On appointment of Data Protection Officer (DPO), article 3.4 of the Framework which provides conditions for appointment of a DPO appears to be on a collision course with article 4.1(2) of the NDPR which expressly and mandatorily provides that “Every Data Controller SHALL designate a Data Protection Officer for the purpose of ensuring adherence to this Regulation”. How can the Framework for implementing this section validly make exception for some data controllers?

On sample of privacy policy at Annexure B, the Framework suggests that a privacy policy is a contract between data controller and data subjects and that, access to online platforms automatically translates into consent.
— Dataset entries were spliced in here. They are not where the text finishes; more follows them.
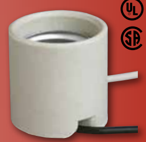
* 22218 Keyless Socket 1 Screw Surface Mount Medium Base 7" Wire Leads 660 Watts Max., 250 Volts 105° Leads Leads Height - 1 5/8"
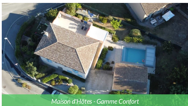
Maison d'Hôtes - Gamme Confort

Maison d'hôtes labellisée « Accueil Vélo » et « Chambre d'hôtes Référence », nichée dans un quartier résidentiel paisible à quelques pas des berges du Canal du Midi. Les chambres climatisées sont équipées d'une salle de bain privée, de toilettes séparées, du Wi-Fi gratuit et d'un garage sécurisé pour vélos. Un parking privé, un jardin clos et une piscine extérieure sont à disposition, faisant de cette étape un choix idéal pour une halte à vélo en Occitanie.
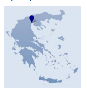
Figure 1: SKG Airport

Thessaloniki International Airport "Makedonia" is located in the municipality of Thermi and is around 16km south east of the city of Thessaloniki, the second largest city in Greece. The airport is the third largest in Greece by the number of passengers and the second largest in terms of air traffic movements The airport incorporates both civilian and Military use.
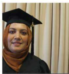
rm 2023, Sheffield
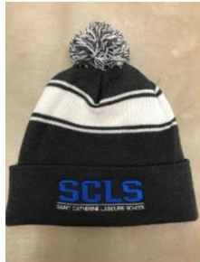
Beanie hat - $15
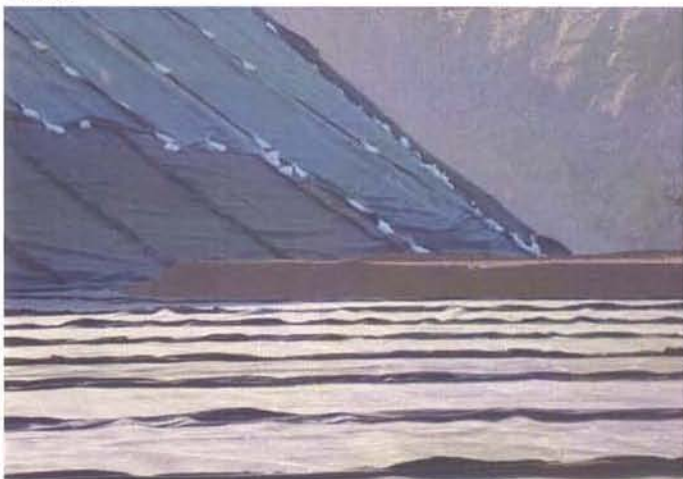
CAMU: Phase 1 Operations layer being placed.
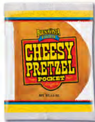
Cheesy Pretzel Pocket
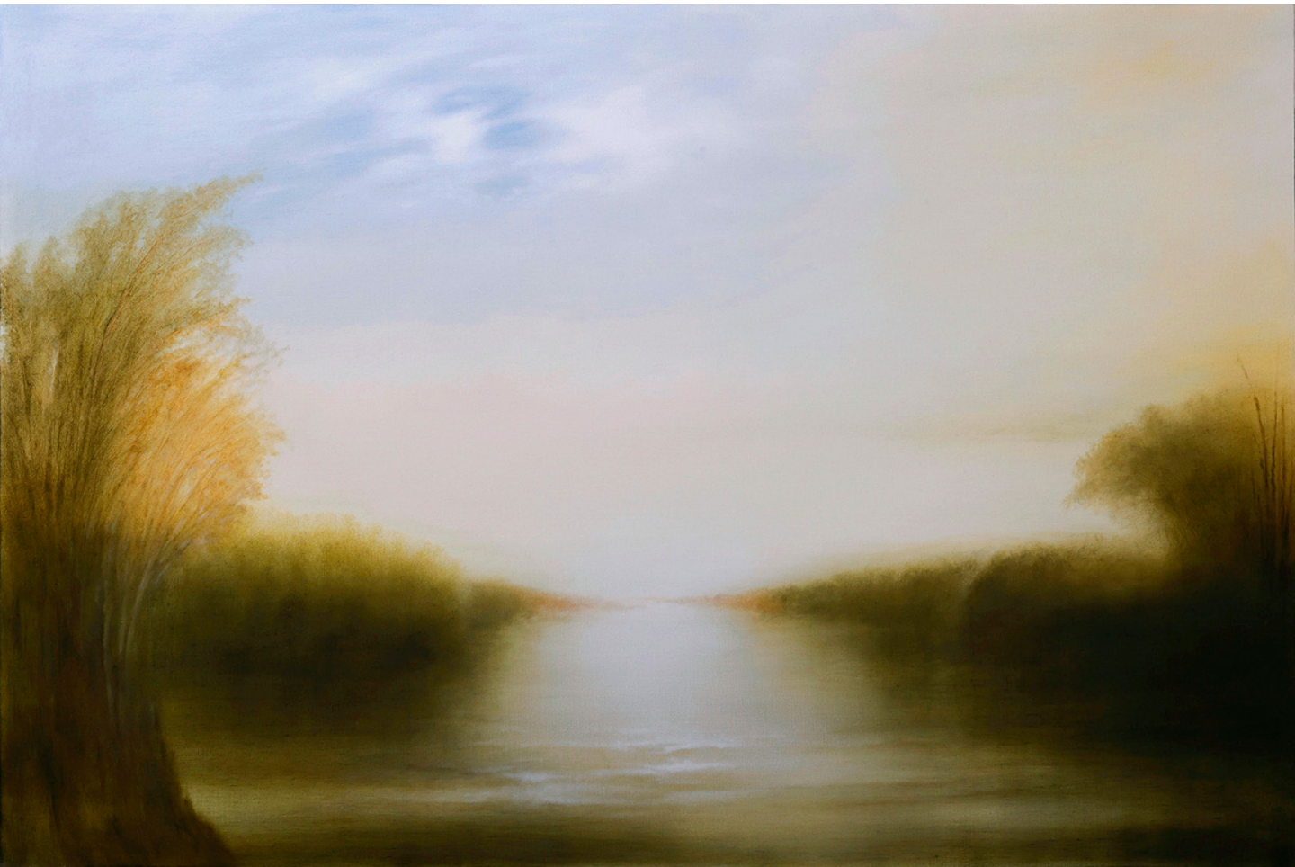
Hiro Yokose, Untitled #5508, 2023, Oil on canvas, 38 x 57 x 2.5 inches, $20,000
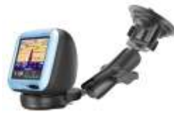
RAM-B-166-T01U Twist Lock, Suction Cup Mount

INCLUDED COMPONENTS: (1) RAM-B-202U-T01 (1) RAM-B-201U (1) RAM-B-224-1U
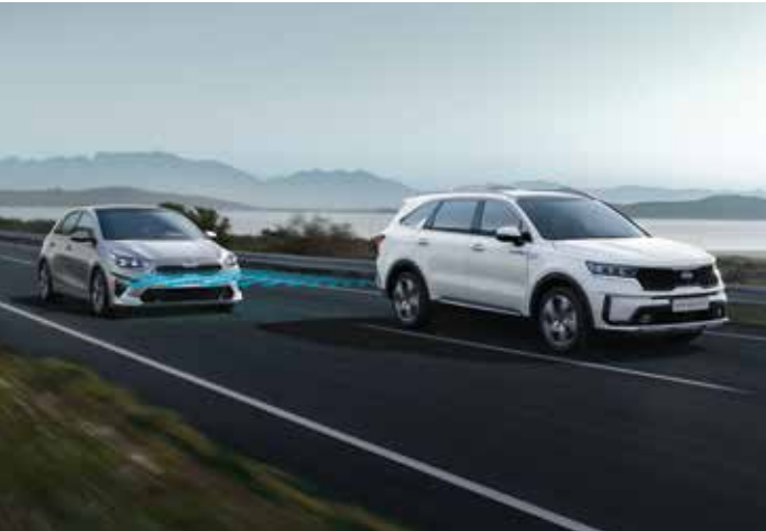
BLIND-SPOT COLLISION-AVOIDANCE ASSIST (BCA)

No one knows what the road or journey ahead can throw at us and that’s why the new Sorento comes with highly refined solutions for a safer journey.
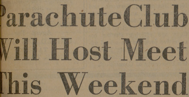
AGGIE JUMPER "UNPACKING" ... Ags host weekend meet at plantation
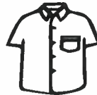
SHORT SLEEVE OXFORD
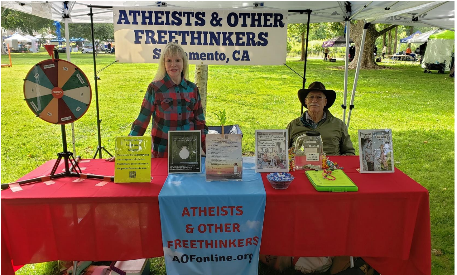
AOF at Sacramento Earth Day, April 26, 2026
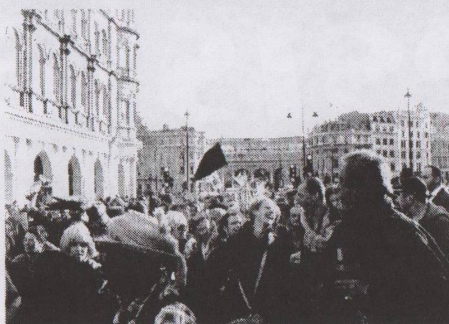
Mayday in London

To make anarchism a threat to capitalism and the state we need strategy of building up our strength and the long-term commitment to follow it through. Amongst other things, members of the Anarchist Federation (AF) have recently been making the effort to build anarchist groups locally and have already seen success in Walthamstow, Herefordshire and Surrey. The AF works to build anarchist
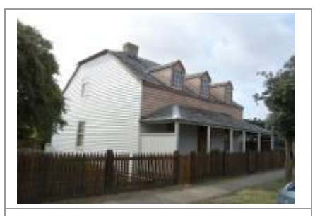
The Steampacket Hotel , Portland (VHR H0239) is significant for its potential to reveal information about interior finishes over time through the accumulations of wallpaper in the upstairs attic rooms dating from the 1850s and the linoleum laid on the floor in several rooms over various different periods.
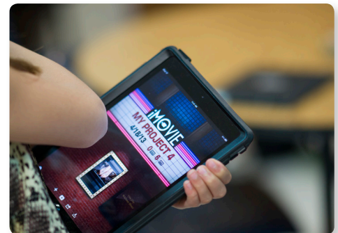
Student edits a project with her Apple iPad, protected by an OtterBox Defender Series.
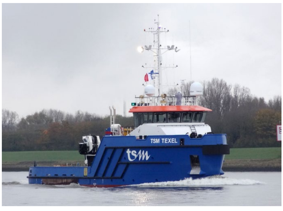
TSM TEXEL France
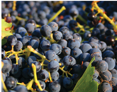
Grenache just picked

Although, the law is not settled on the status of privacy policies on a website, this kind of simulation coming from the supervisory authority is a dangerous precedent which, in itself, negates what privacy policies or notices represent, especially since the NDPR does not give such status to privacy policies.
Ultimately on the Annexure C on Countries with adequate Data Protection Laws, what stands out is the Swiss-US Privacy Shield Frameworks of the United States of America!!! For everything NITDA stands for, I will make this excuse on their behalf that, the inclusion of this data protection law is a regrettable error which was not corrected in the draft before the Framework was released.
Following the Schrems II decision of the Court of Justice of the European Union (“CJEU”) that invalidated the EU-U.S. Privacy Shield Framework in July 2020, the Federal Data Protection and Information Commissioner (FDPIC), the body responsible for the protection of personal data in Switzerland ruled, on the 8th day of September 2020, that the Swiss-U.S. Privacy Shield Framework in its entirety does not provide an adequate level of data protection for cross-border data transfers to the US.

Flowing from the foregoing, it stands to reason that, if the Swiss supervisory authority could have passed such damning verdict on the law that directly affects it, as far back as September 2020, then it is our modest view that, such should not have found itself in a document released by its Nigerian counterpart in December 2020.

In conclusion, the Framework is not only a right step in the right direction, it is a highly commendable and progressive one which should be timely updated and finetuned with the widespread input of as many stakeholders and technocrats to minimize avoidable errors and oversights before its eventual release to the public.

Once again, I congratulate NITDA for spearheading Nigeria’s baby steps in this very essential and highly technical industry.